Please output exactly the lines below, starting at the line that has "岡山市K様 2019年09月07日 岡山市K様" and ending at the line that has "- SAFE DRINKING", both included; leave out all pictures and include nothing else.

GIVEN DATA

=== Begin Enclosure ===

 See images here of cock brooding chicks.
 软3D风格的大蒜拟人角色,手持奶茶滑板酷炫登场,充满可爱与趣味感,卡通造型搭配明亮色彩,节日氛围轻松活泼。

=== End Enclosure ===
=== Begin Enclosure ===

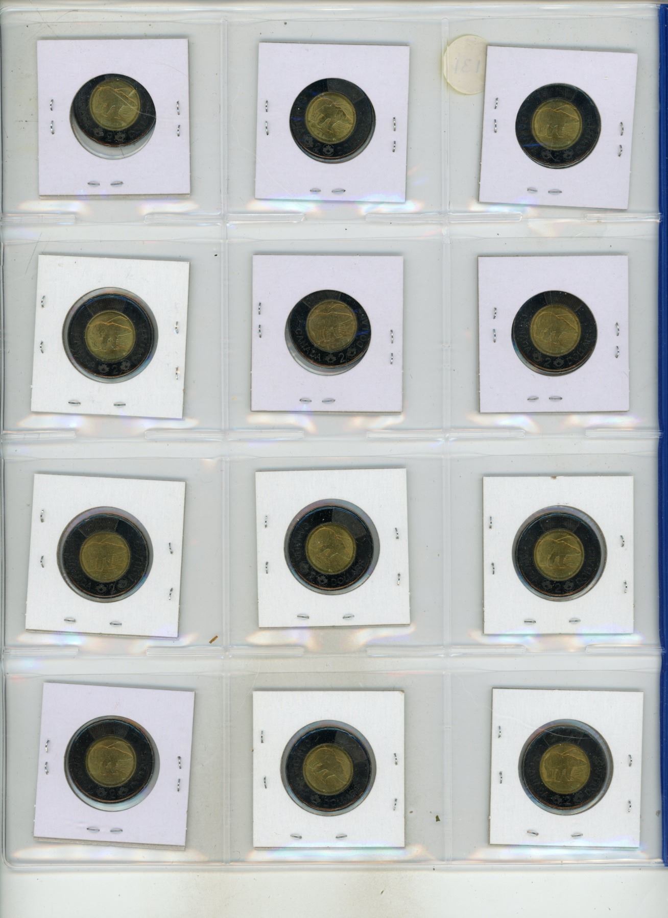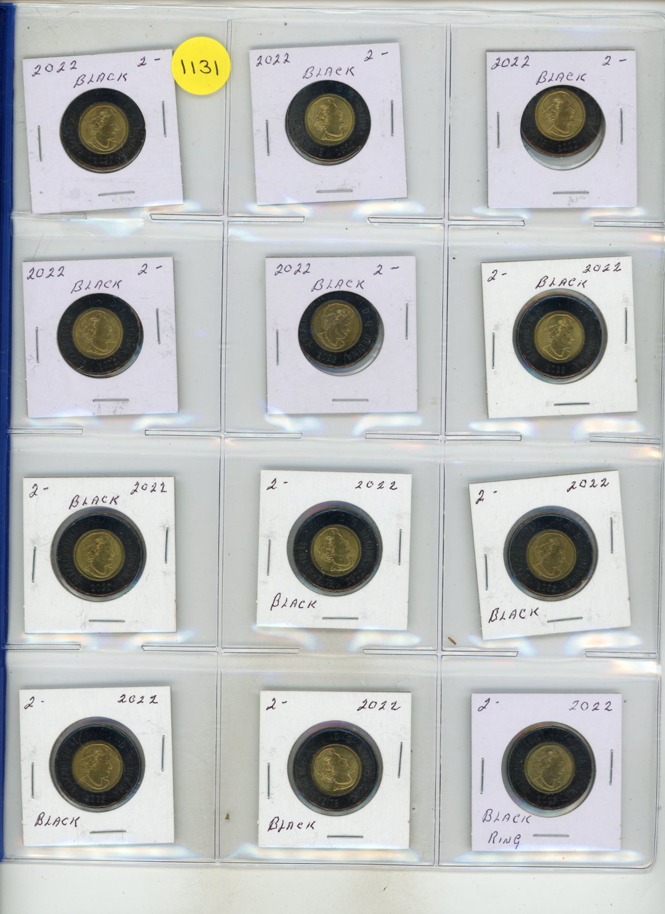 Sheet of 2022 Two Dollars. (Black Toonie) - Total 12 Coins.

=== End Enclosure ===
=== Begin Enclosure ===

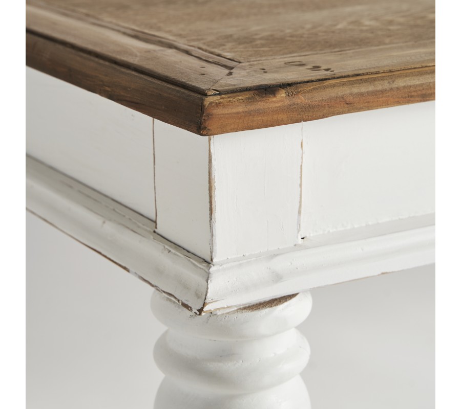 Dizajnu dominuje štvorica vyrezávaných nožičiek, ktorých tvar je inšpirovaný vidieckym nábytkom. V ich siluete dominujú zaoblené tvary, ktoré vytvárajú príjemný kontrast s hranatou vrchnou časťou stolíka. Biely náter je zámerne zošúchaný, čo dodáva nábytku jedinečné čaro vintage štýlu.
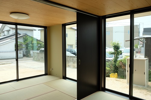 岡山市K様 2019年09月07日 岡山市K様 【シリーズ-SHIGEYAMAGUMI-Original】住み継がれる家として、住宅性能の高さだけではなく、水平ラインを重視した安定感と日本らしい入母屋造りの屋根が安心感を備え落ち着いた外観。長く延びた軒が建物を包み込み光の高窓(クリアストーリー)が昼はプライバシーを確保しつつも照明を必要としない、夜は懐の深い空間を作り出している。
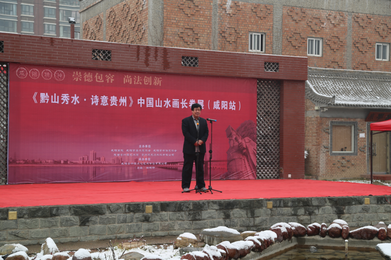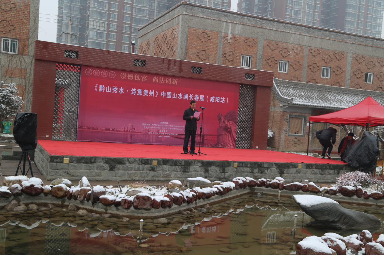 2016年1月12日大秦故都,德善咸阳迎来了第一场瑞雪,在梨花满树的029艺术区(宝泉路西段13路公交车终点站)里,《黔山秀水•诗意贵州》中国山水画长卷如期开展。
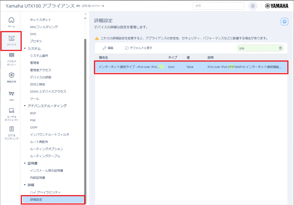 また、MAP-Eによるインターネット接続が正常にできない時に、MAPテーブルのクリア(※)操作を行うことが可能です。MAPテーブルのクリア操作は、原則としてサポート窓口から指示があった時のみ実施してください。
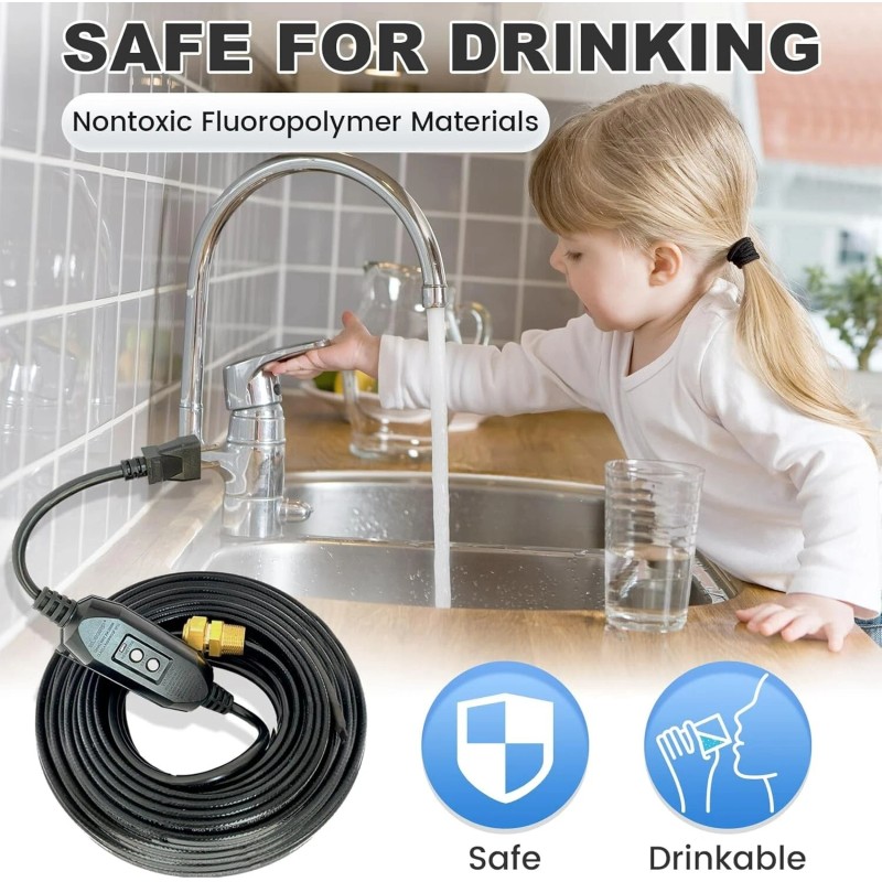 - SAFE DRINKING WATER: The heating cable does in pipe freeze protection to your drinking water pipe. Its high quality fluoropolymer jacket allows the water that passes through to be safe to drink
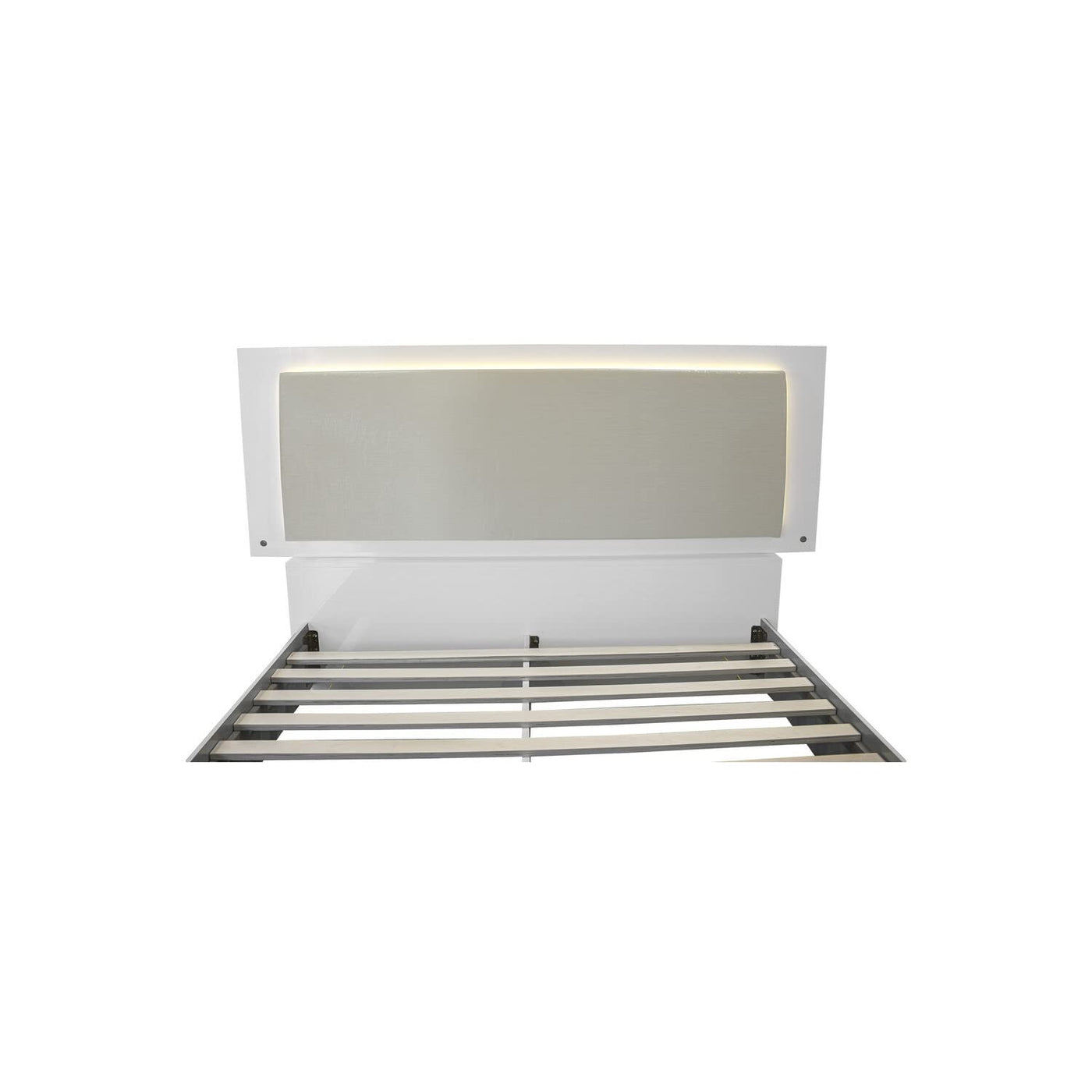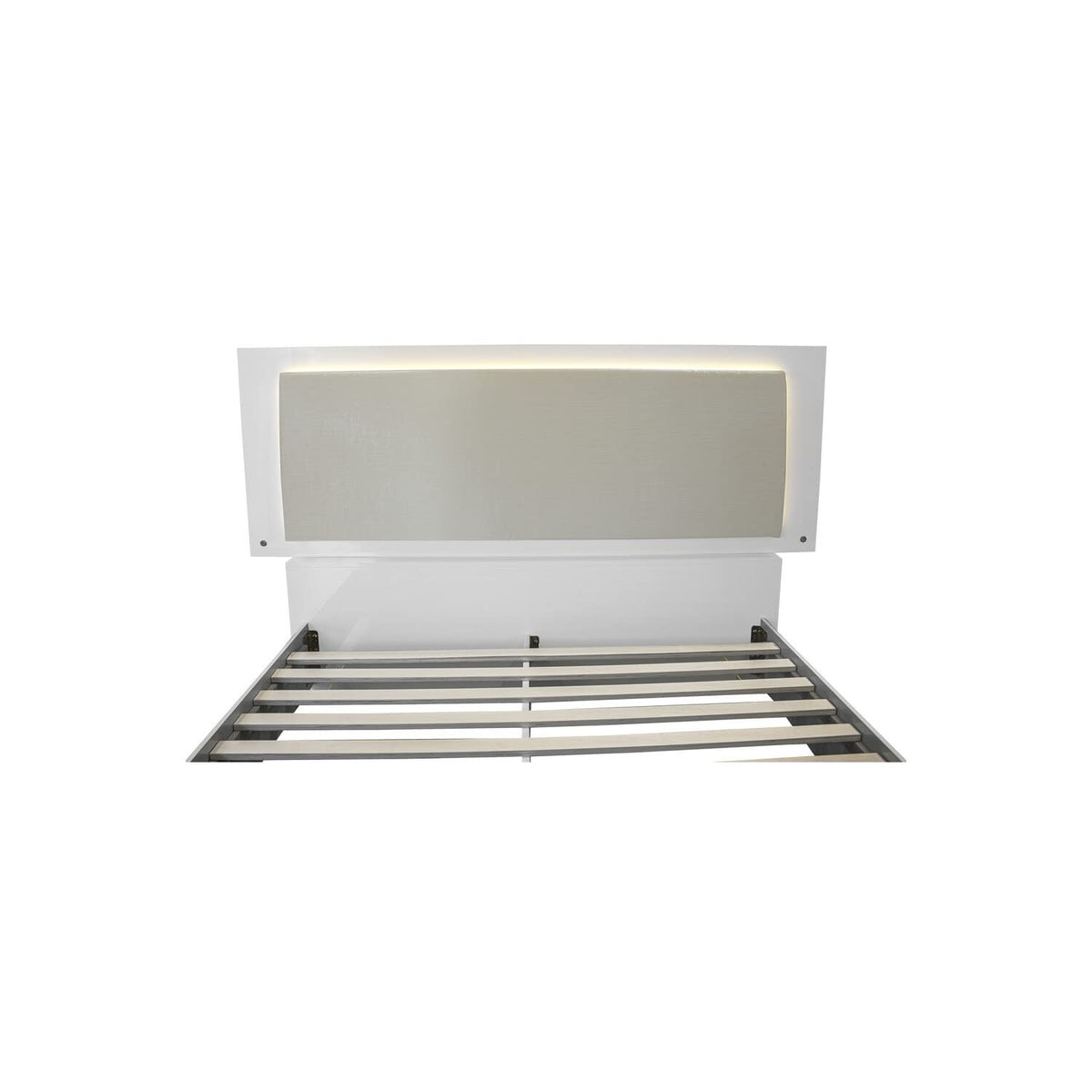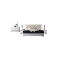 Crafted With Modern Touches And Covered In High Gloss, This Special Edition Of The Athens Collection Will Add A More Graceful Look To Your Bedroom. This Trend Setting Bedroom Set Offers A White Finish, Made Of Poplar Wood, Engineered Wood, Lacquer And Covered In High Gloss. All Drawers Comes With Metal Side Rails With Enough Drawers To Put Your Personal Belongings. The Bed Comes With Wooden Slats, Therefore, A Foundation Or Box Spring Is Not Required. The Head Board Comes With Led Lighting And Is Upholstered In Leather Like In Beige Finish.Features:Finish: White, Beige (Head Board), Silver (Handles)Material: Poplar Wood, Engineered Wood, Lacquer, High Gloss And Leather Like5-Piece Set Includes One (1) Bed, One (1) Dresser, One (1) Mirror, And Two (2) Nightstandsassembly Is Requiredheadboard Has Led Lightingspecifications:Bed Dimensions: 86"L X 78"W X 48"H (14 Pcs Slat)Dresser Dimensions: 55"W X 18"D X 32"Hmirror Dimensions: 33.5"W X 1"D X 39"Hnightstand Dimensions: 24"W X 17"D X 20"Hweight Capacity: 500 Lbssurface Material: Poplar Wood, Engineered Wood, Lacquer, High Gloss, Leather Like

=== End Enclosure ===

RESULT OF THIS EXERCISE
 岡山市K様 2019年09月07日 岡山市K様 【シリーズ-SHIGEYAMAGUMI-Original】住み継がれる家として、住宅性能の高さだけではなく、水平ラインを重視した安定感と日本らしい入母屋造りの屋根が安心感を備え落ち着いた外観。長く延びた軒が建物を包み込み光の高窓(クリアストーリー)が昼はプライバシーを確保しつつも照明を必要としない、夜は懐の深い空間を作り出している。
 2016年1月12日大秦故都,德善咸阳迎来了第一场瑞雪,在梨花满树的029艺术区(宝泉路西段13路公交车终点站)里,《黔山秀水•诗意贵州》中国山水画长卷如期开展。
 また、MAP-Eによるインターネット接続が正常にできない時に、MAPテーブルのクリア(※)操作を行うことが可能です。MAPテーブルのクリア操作は、原則としてサポート窓口から指示があった時のみ実施してください。
 - SAFE DRINKING WATER: The heating cable does in pipe freeze protection to your drinking water pipe. Its high quality fluoropolymer jacket allows the water that passes through to be safe to drink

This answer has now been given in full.